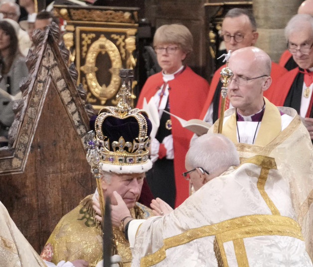 Sentado en la silla de roble de San Eduardo, considerado el mueble más antiguo del Reino Unido y colocado sobre un piso de mosaico medieval, Carlos III fue coronado tras recibir las distintas insignias reales, que simbolizan las responsabilidades como el jefe de Estado británico hasta el día de su muerte.
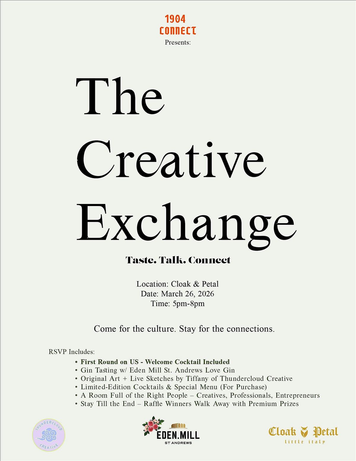 By RSVPing, you consent to being photographed or recorded during The Creative Exchange and allow 1904 Connect to use this content for promotional and marketing purposes across all platforms.
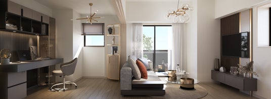 住戸は2LDKを中心に3タイプを揃えており、地上12階建・全33邸、全邸角住戸というプライバシー性に優れた設計で、ホテルライクな内廊下、最大天井高約2.7mの伸びやかな空間構成を実現しています。さらに、環境配慮型マンション「ZEH-M Oriented」に対応し、高い断熱性能と省エネ性を兼ね備えた住まいとなっています。
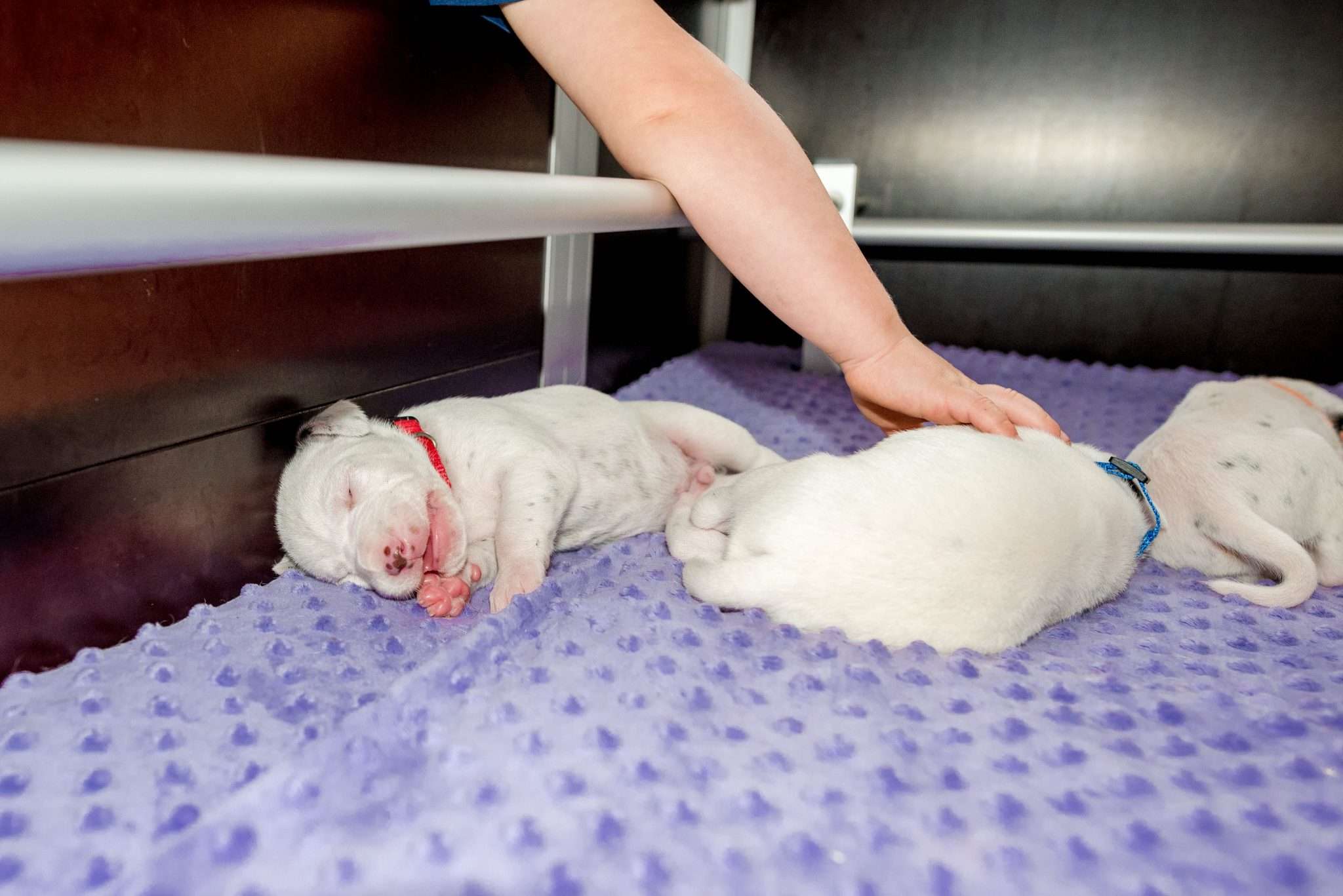 Noch steht die Wurfkiste neben unserem Bett. Die letzte Woche dieser ganz intimen und exklusiven Zeit mit den Welpen ist angebrochen. Es ist ein solches Privileg, diese ersten Momente der Kleinen mit niemandem teilen zu müssen. Ihre ersten Blicke gehen an mich, ihre ersten Schritte auf mich zu, die erste gehörte Stimme und die ersten angeknabberten Finger sind meine (dass sich später ja niemand über die fehlende Beißhemmung beklagt).
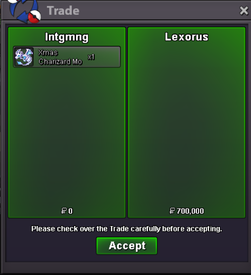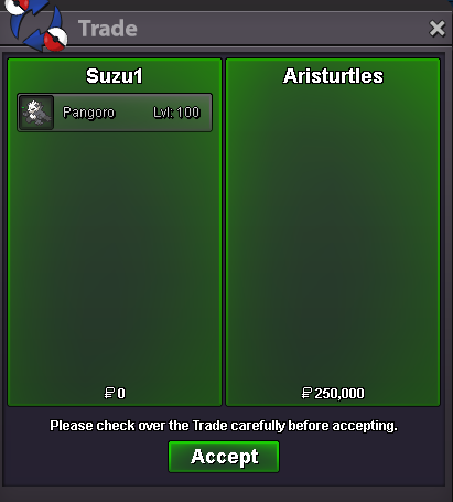 Hello @Gialos, In the future, please ensure that you assign a value to accepted payments (that are not pokedollars). For example: Coin Capsule = 500k Sincerely, Tandemaus -
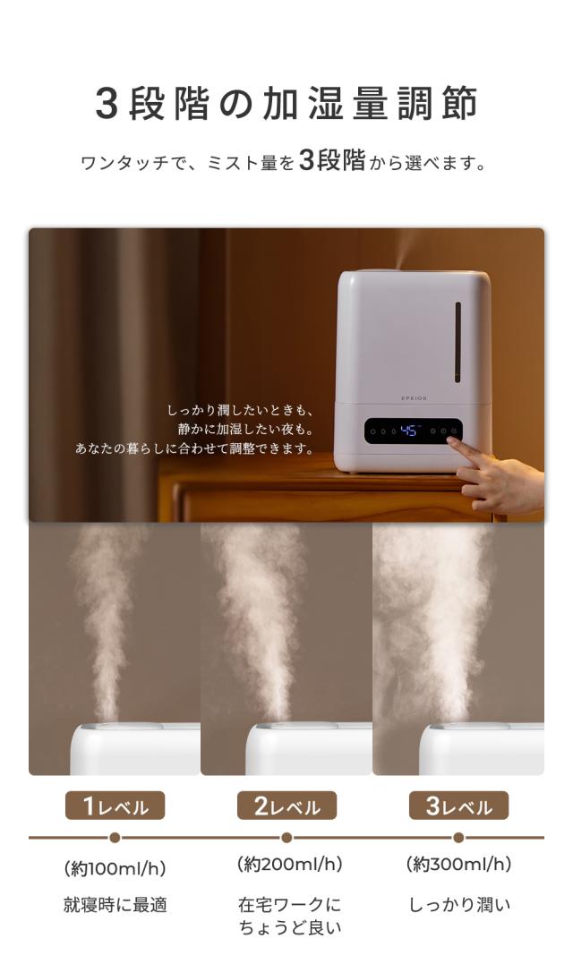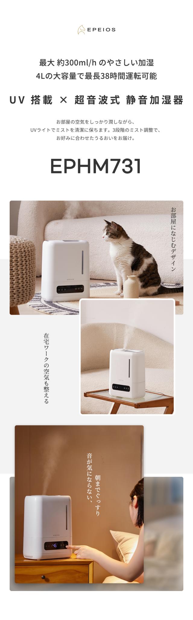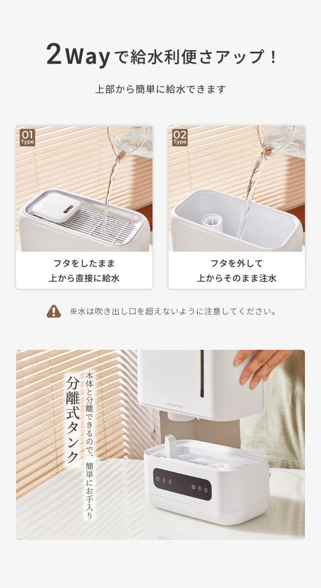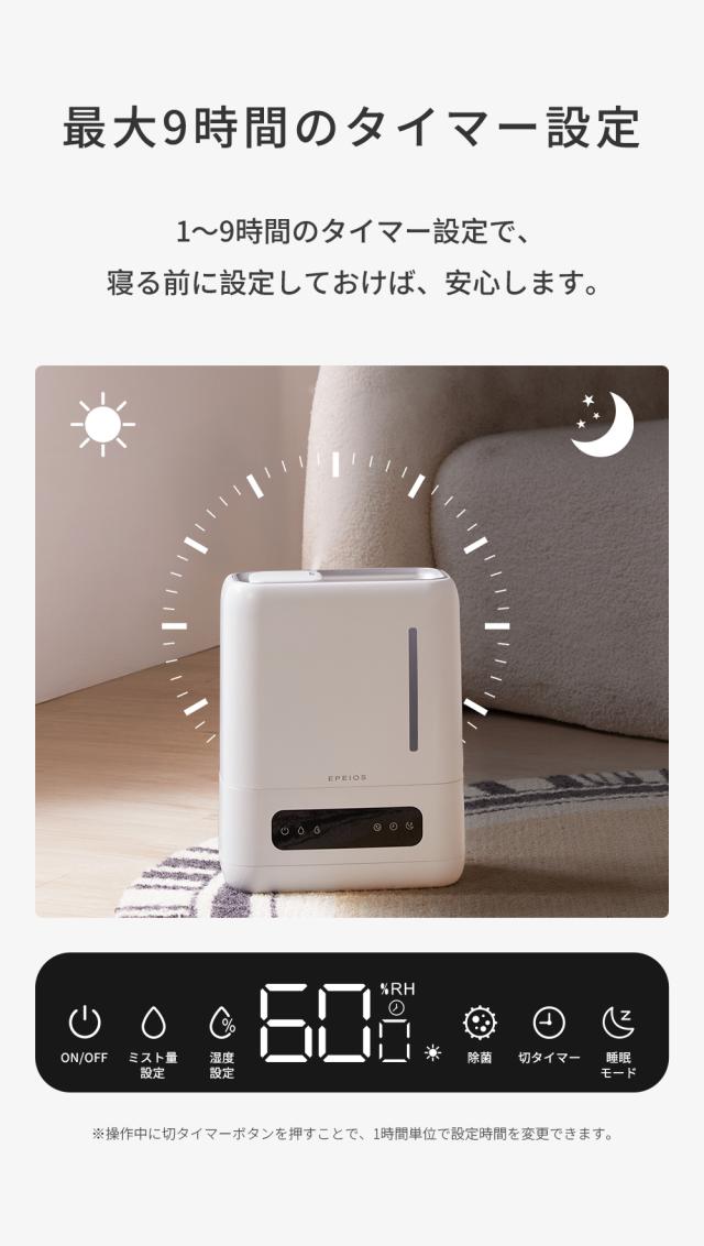 エペイオス(Epeios) 4L 加湿器 UV除菌 銀イオン抗菌 上部給水式 静音 卓上 コンパクト アロマ対応 スマート恒湿 湿度センサー タイマー付き 空焚き防止 おしゃれ 寝室 リビング用 加湿機 お手入れ簡単 乾燥対策
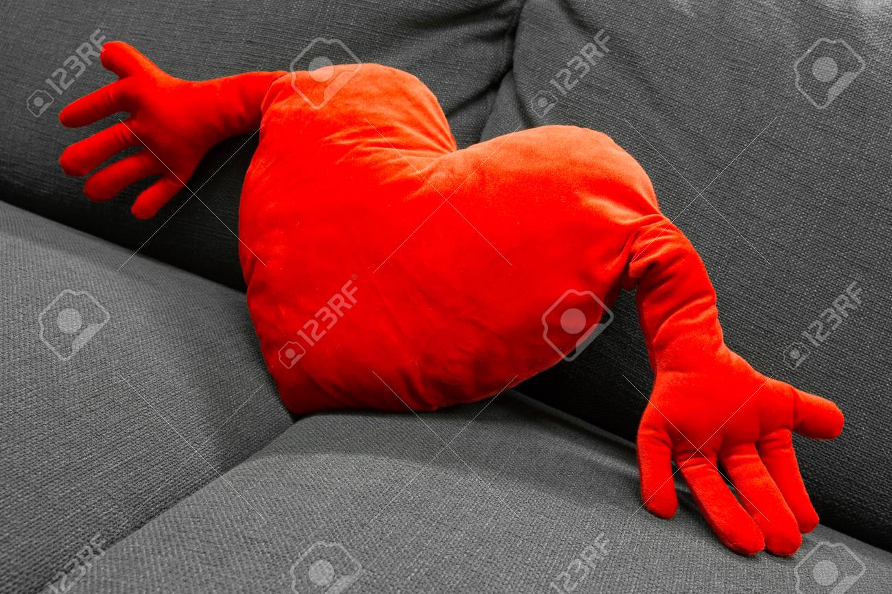 A Red Heart Shaped Pillow With An Armchair
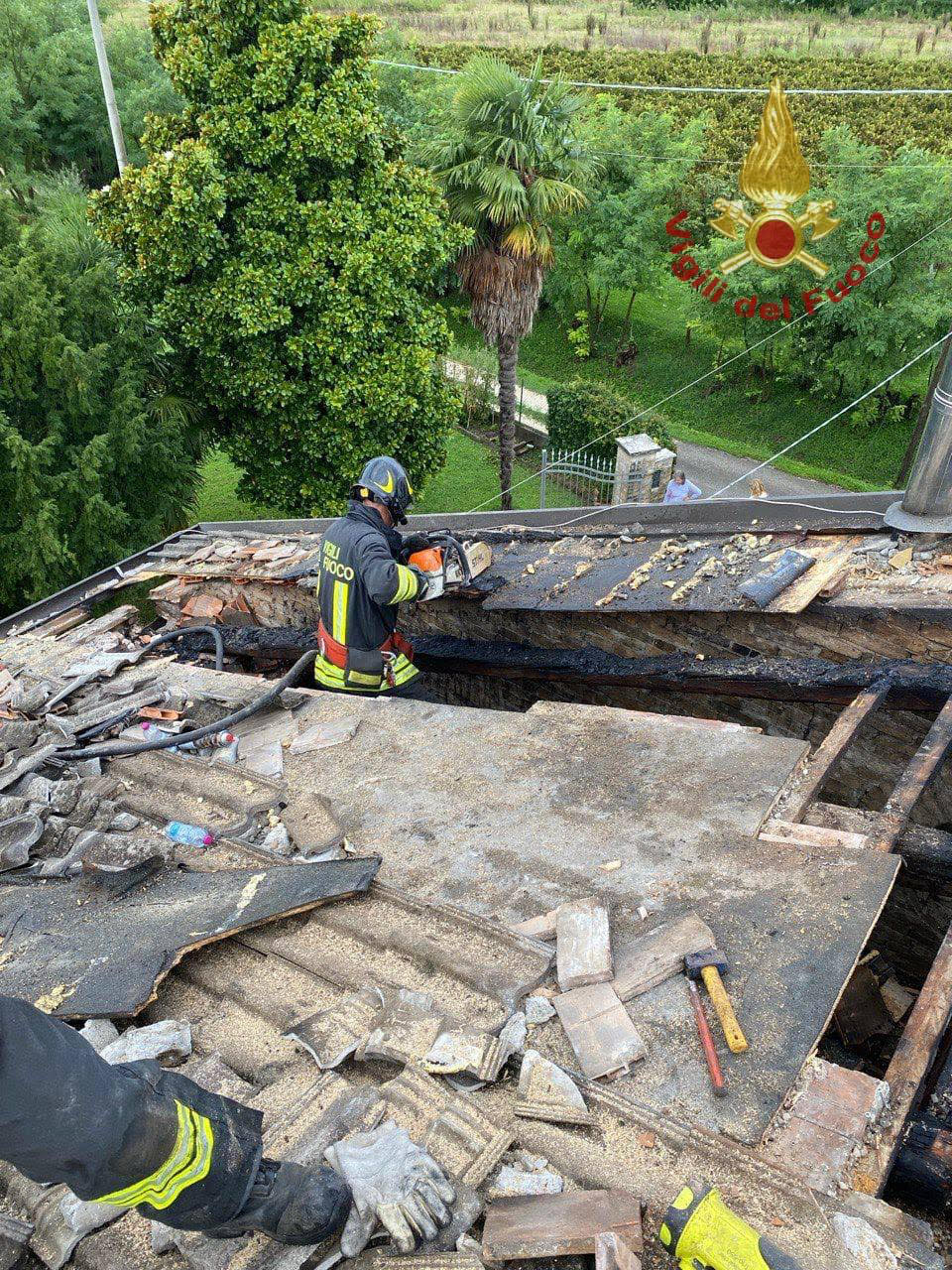 Nella mattinata odierna squadre dei Vigili del fuoco provenienti dalla Sede Centrale sono intervenute, con l’ausilio dell’autoscala, nel Comune di Villorba in via Due Acque per l’incendio del tetto in legno di un’abitazione privata. Le fiamme hanno interessato due travature in legno creando importanti danni alla copertura. Tra le cause non si esclude quella del fulmine. La tempestività delle squadre dei Vigili del Fuoco ha permesso che l’incendio non si propagasse al resto dell’abitazione. Nessun ferito.

*Problem statement:*
Reproduce every entry above in full and exactly, though not its pictures.

*Reply to the task:*
 Sentado en la silla de roble de San Eduardo, considerado el mueble más antiguo del Reino Unido y colocado sobre un piso de mosaico medieval, Carlos III fue coronado tras recibir las distintas insignias reales, que simbolizan las responsabilidades como el jefe de Estado británico hasta el día de su muerte.
 By RSVPing, you consent to being photographed or recorded during The Creative Exchange and allow 1904 Connect to use this content for promotional and marketing purposes across all platforms.
 住戸は2LDKを中心に3タイプを揃えており、地上12階建・全33邸、全邸角住戸というプライバシー性に優れた設計で、ホテルライクな内廊下、最大天井高約2.7mの伸びやかな空間構成を実現しています。さらに、環境配慮型マンション「ZEH-M Oriented」に対応し、高い断熱性能と省エネ性を兼ね備えた住まいとなっています。
 Noch steht die Wurfkiste neben unserem Bett. Die letzte Woche dieser ganz intimen und exklusiven Zeit mit den Welpen ist angebrochen. Es ist ein solches Privileg, diese ersten Momente der Kleinen mit niemandem teilen zu müssen. Ihre ersten Blicke gehen an mich, ihre ersten Schritte auf mich zu, die erste gehörte Stimme und die ersten angeknabberten Finger sind meine (dass sich später ja niemand über die fehlende Beißhemmung beklagt).
 Hello @Gialos, In the future, please ensure that you assign a value to accepted payments (that are not pokedollars). For example: Coin Capsule = 500k Sincerely, Tandemaus -
 エペイオス(Epeios) 4L 加湿器 UV除菌 銀イオン抗菌 上部給水式 静音 卓上 コンパクト アロマ対応 スマート恒湿 湿度センサー タイマー付き 空焚き防止 おしゃれ 寝室 リビング用 加湿機 お手入れ簡単 乾燥対策
 A Red Heart Shaped Pillow With An Armchair
 Nella mattinata odierna squadre dei Vigili del fuoco provenienti dalla Sede Centrale sono intervenute, con l’ausilio dell’autoscala, nel Comune di Villorba in via Due Acque per l’incendio del tetto in legno di un’abitazione privata. Le fiamme hanno interessato due travature in legno creando importanti danni alla copertura. Tra le cause non si esclude quella del fulmine. La tempestività delle squadre dei Vigili del Fuoco ha permesso che l’incendio non si propagasse al resto dell’abitazione. Nessun ferito.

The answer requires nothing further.